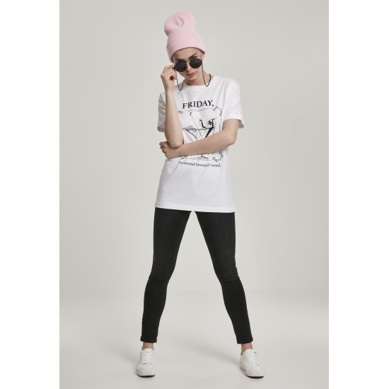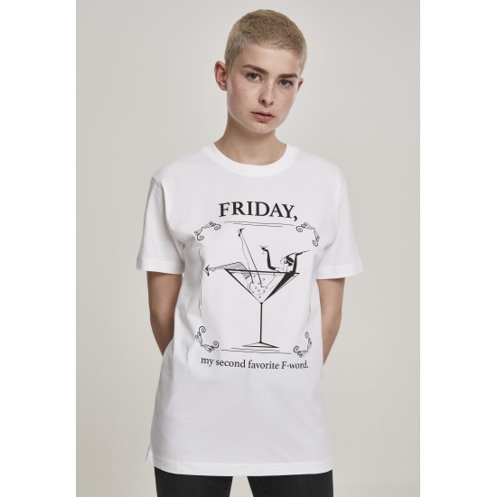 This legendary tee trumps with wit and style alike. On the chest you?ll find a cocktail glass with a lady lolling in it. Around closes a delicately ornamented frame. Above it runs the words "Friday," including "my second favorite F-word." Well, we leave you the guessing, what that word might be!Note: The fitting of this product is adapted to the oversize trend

----------

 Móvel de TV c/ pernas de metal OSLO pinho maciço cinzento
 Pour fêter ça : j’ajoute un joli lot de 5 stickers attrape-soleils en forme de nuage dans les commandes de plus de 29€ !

----------

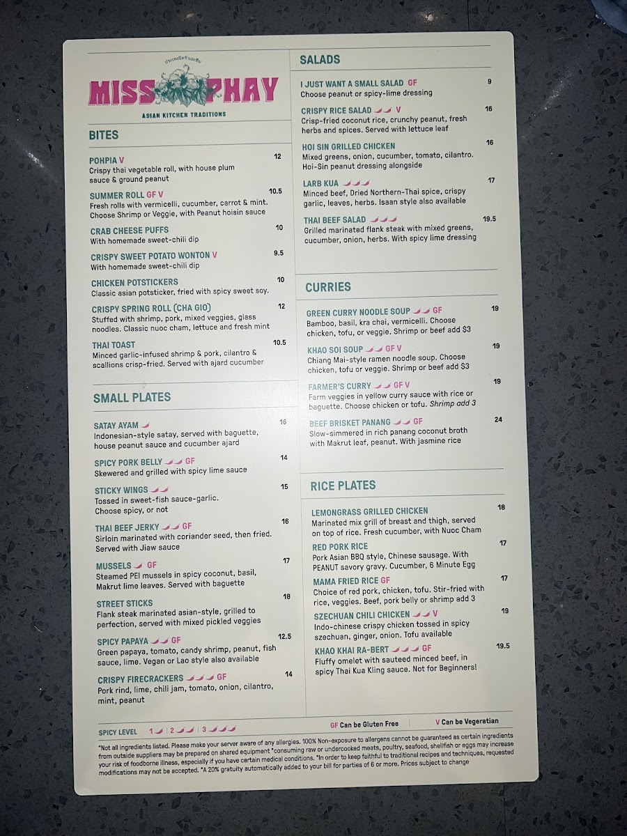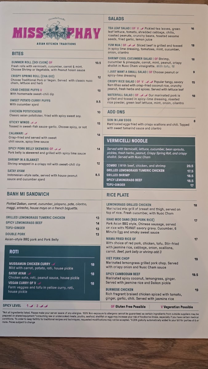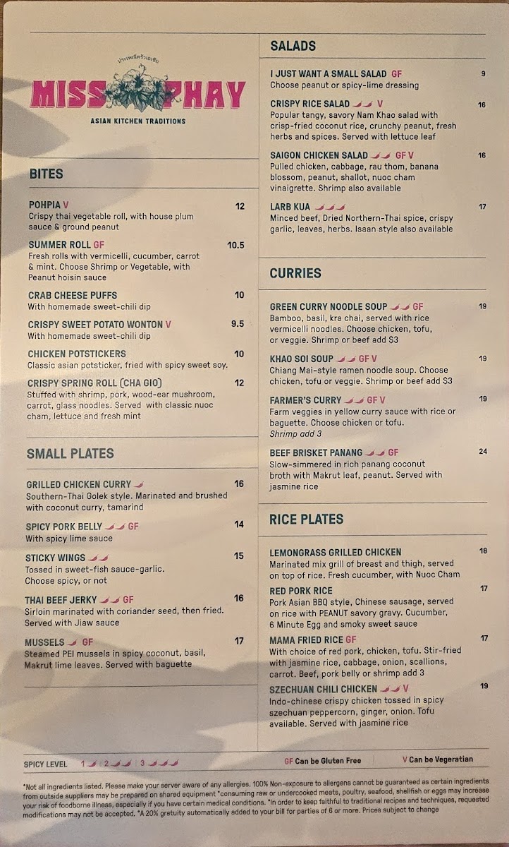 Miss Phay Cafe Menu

----------

> _The problem_
Everything starting at the line containing "Móvel de TV" and ending at the line containing "Pour fêter ça" in the records above should be repeated exactly, and only that.

> _Exercise response_
 Móvel de TV c/ pernas de metal OSLO pinho maciço cinzento
 Pour fêter ça : j’ajoute un joli lot de 5 stickers attrape-soleils en forme de nuage dans les commandes de plus de 29€ !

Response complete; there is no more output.